Stored data
━━━━

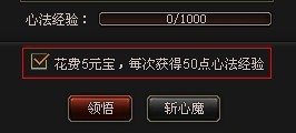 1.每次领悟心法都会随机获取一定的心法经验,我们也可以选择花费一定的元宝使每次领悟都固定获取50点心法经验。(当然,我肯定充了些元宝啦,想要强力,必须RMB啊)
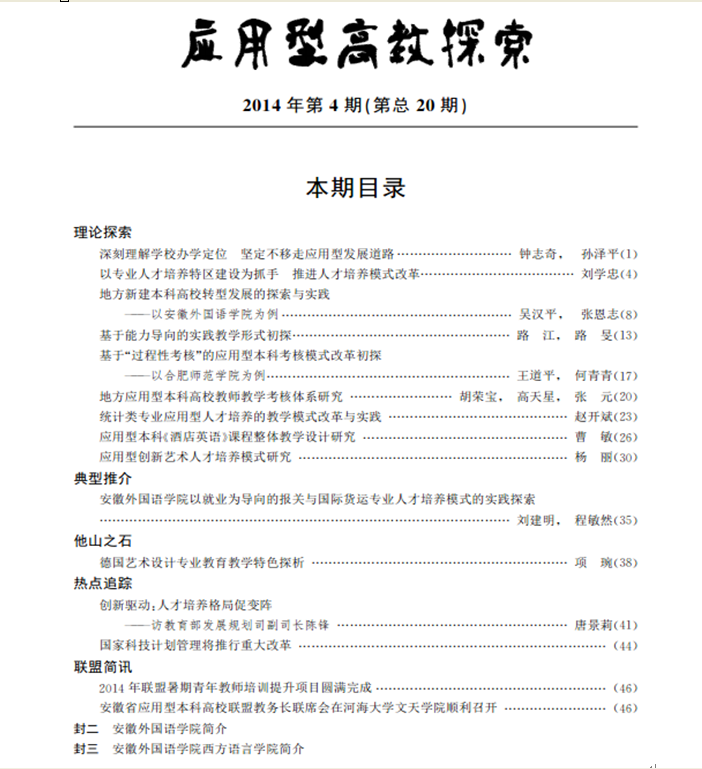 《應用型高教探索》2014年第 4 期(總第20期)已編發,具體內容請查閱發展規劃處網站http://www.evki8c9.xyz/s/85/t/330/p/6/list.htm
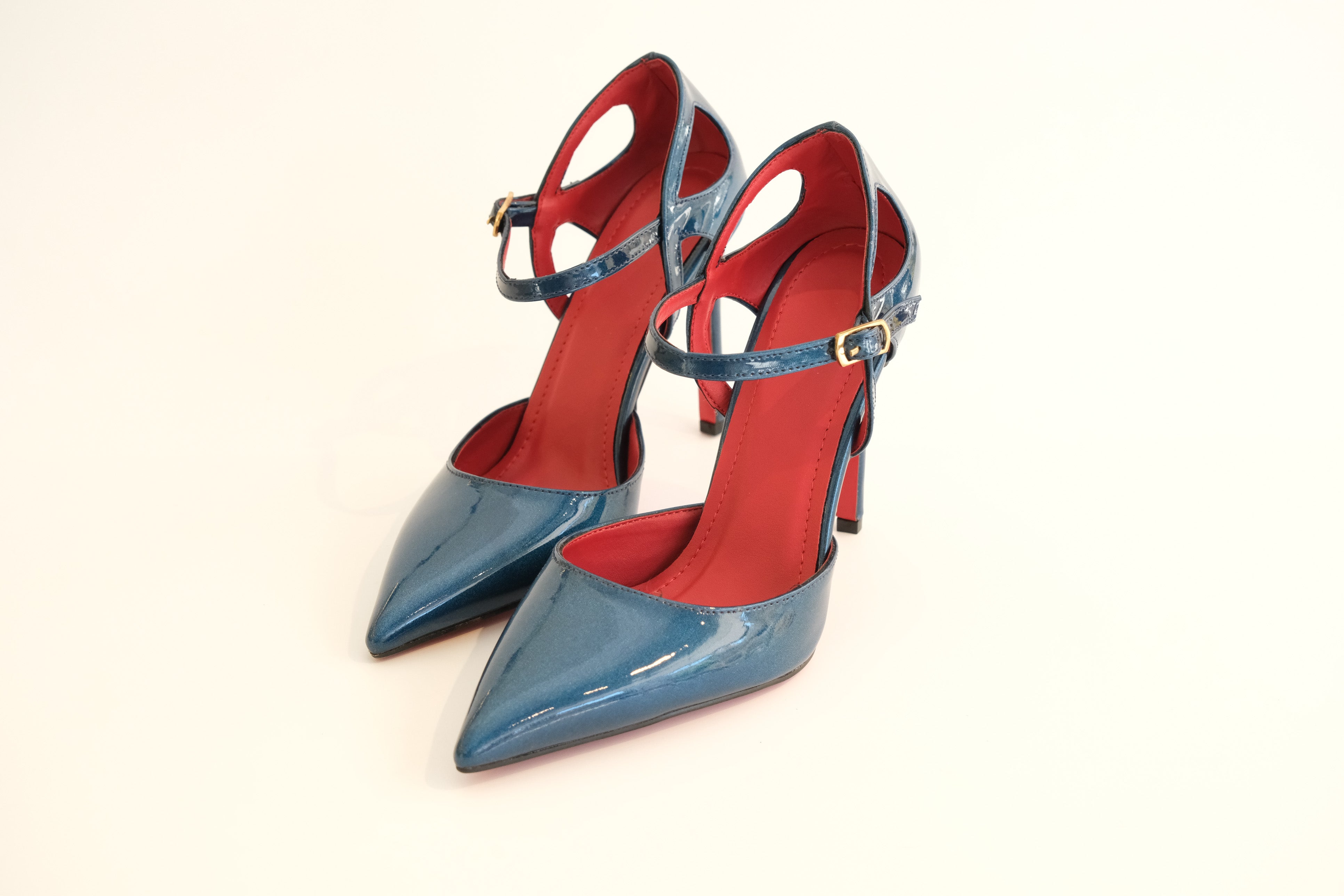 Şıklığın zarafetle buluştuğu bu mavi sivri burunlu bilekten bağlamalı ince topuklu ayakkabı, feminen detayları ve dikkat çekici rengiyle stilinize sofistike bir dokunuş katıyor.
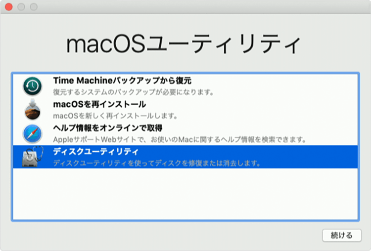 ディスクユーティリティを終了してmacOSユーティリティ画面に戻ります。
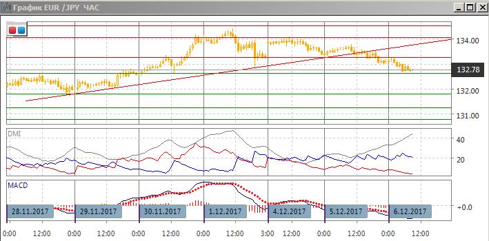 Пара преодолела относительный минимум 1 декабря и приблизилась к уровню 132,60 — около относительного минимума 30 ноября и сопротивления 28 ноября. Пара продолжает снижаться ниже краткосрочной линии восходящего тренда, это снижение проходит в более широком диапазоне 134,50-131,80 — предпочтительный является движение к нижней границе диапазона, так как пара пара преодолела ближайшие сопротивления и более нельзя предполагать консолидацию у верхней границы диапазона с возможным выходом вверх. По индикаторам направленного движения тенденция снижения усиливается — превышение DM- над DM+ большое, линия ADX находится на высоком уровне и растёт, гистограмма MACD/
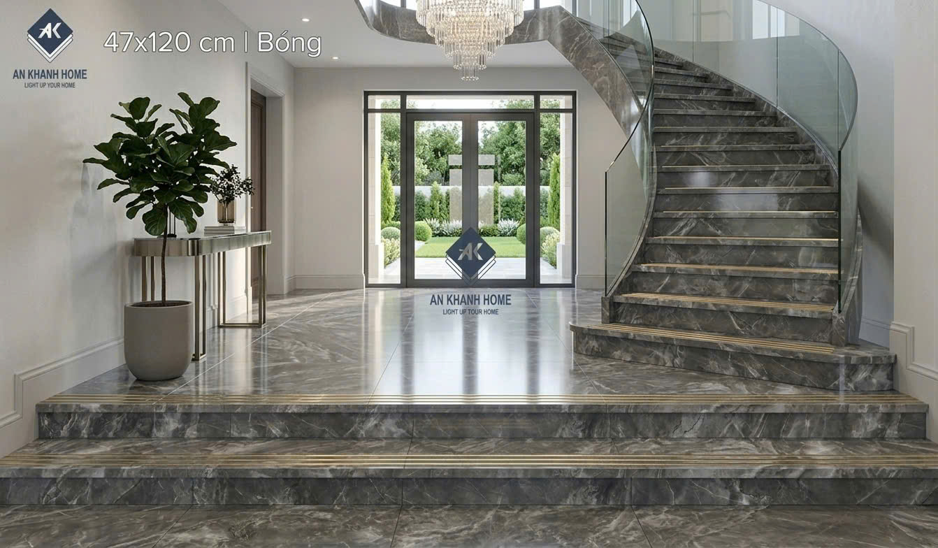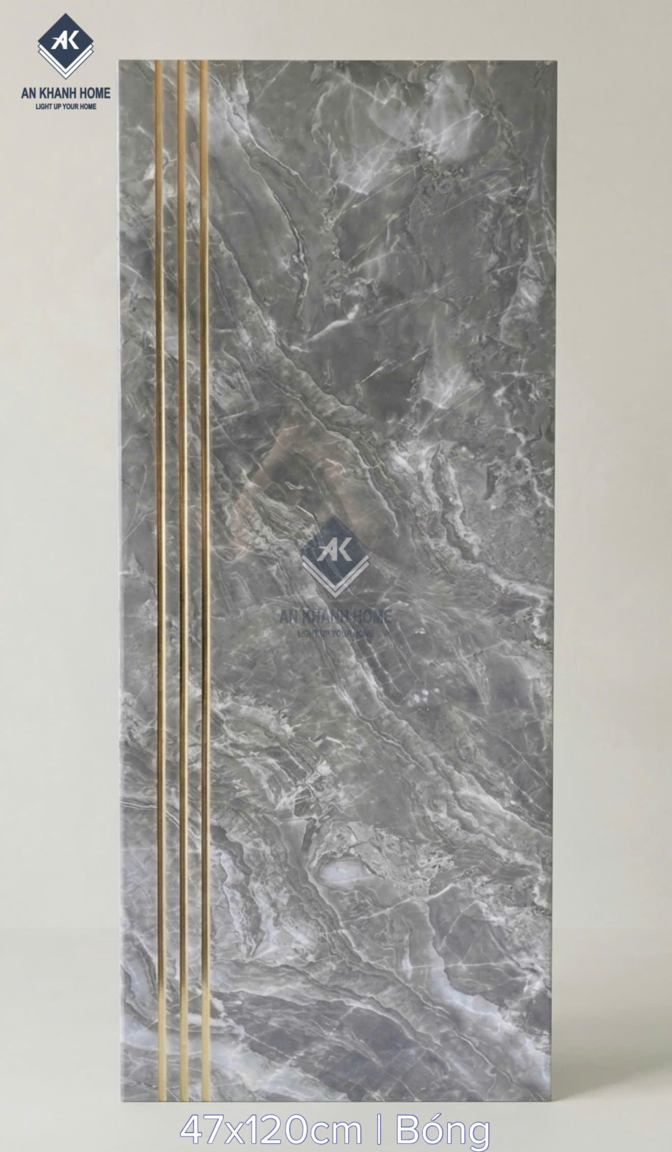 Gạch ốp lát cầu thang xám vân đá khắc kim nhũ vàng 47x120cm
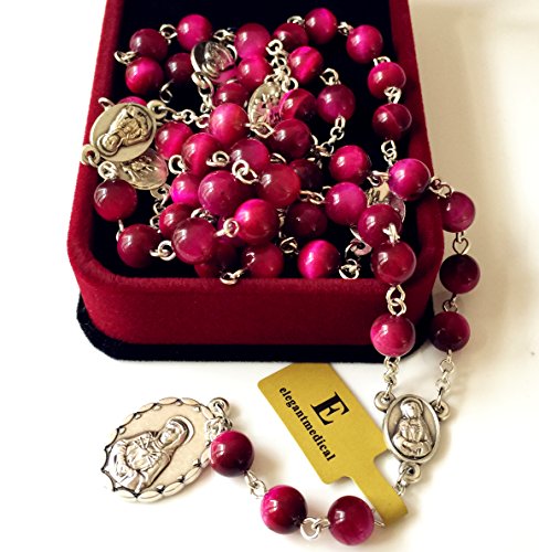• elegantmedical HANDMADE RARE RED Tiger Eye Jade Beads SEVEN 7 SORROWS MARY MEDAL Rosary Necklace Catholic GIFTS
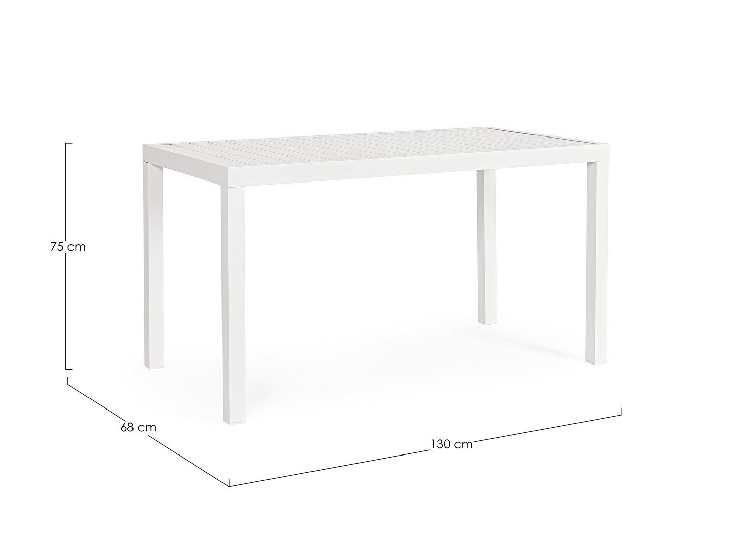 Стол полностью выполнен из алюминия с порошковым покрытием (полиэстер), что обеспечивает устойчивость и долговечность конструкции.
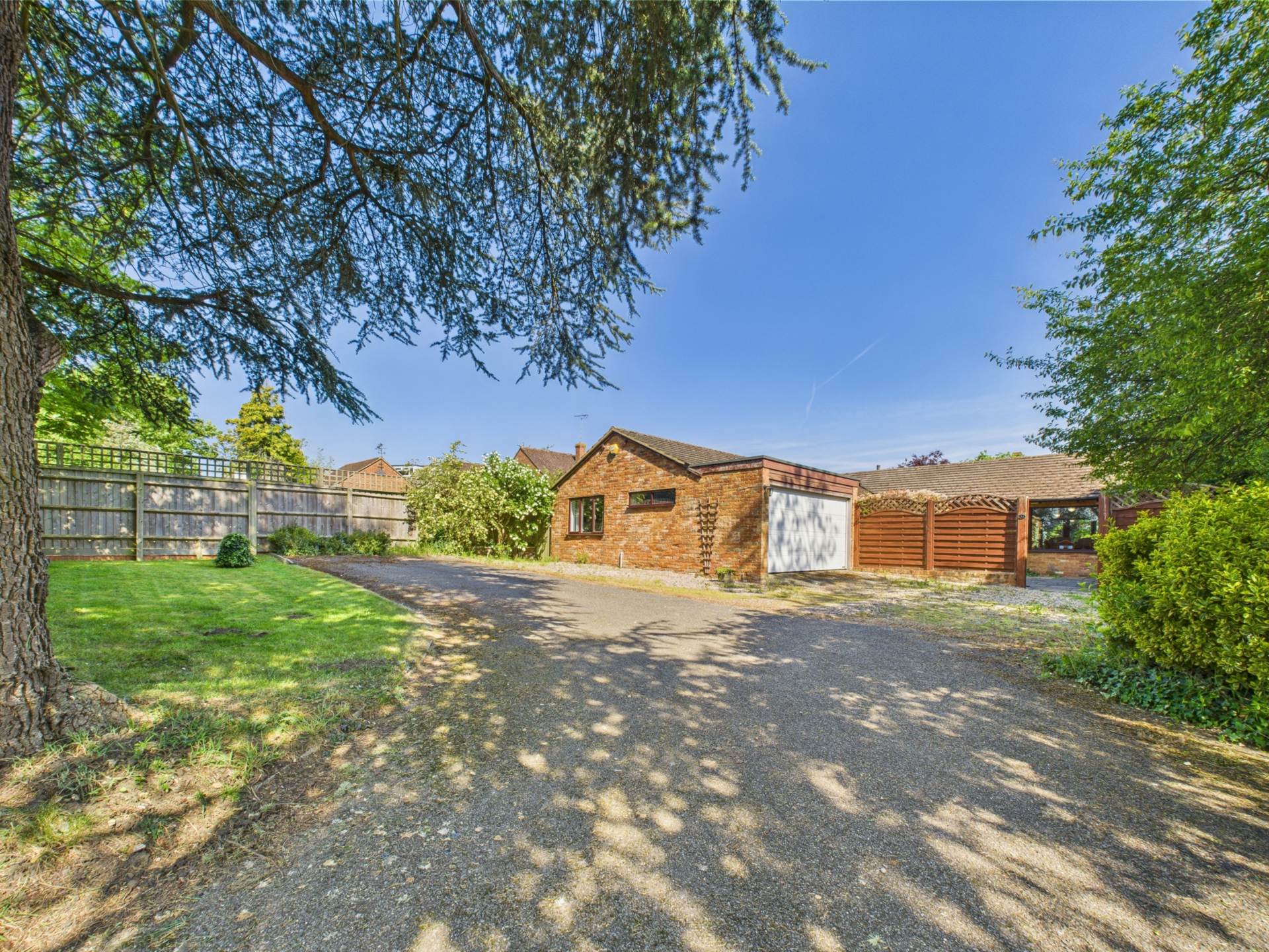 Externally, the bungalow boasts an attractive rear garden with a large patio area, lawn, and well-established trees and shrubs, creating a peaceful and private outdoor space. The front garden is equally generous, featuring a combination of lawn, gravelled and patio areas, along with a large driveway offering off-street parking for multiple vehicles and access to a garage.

━━━━

Problem details: Transcribe, word for word, the stretch of lines in the data above from the one with "Necklace Catholic GIFTS" through the one with "Стол полностью выполнен"; omit all pictures.

Answer:
• elegantmedical HANDMADE RARE RED Tiger Eye Jade Beads SEVEN 7 SORROWS MARY MEDAL Rosary Necklace Catholic GIFTS
 Стол полностью выполнен из алюминия с порошковым покрытием (полиэстер), что обеспечивает устойчивость и долговечность конструкции.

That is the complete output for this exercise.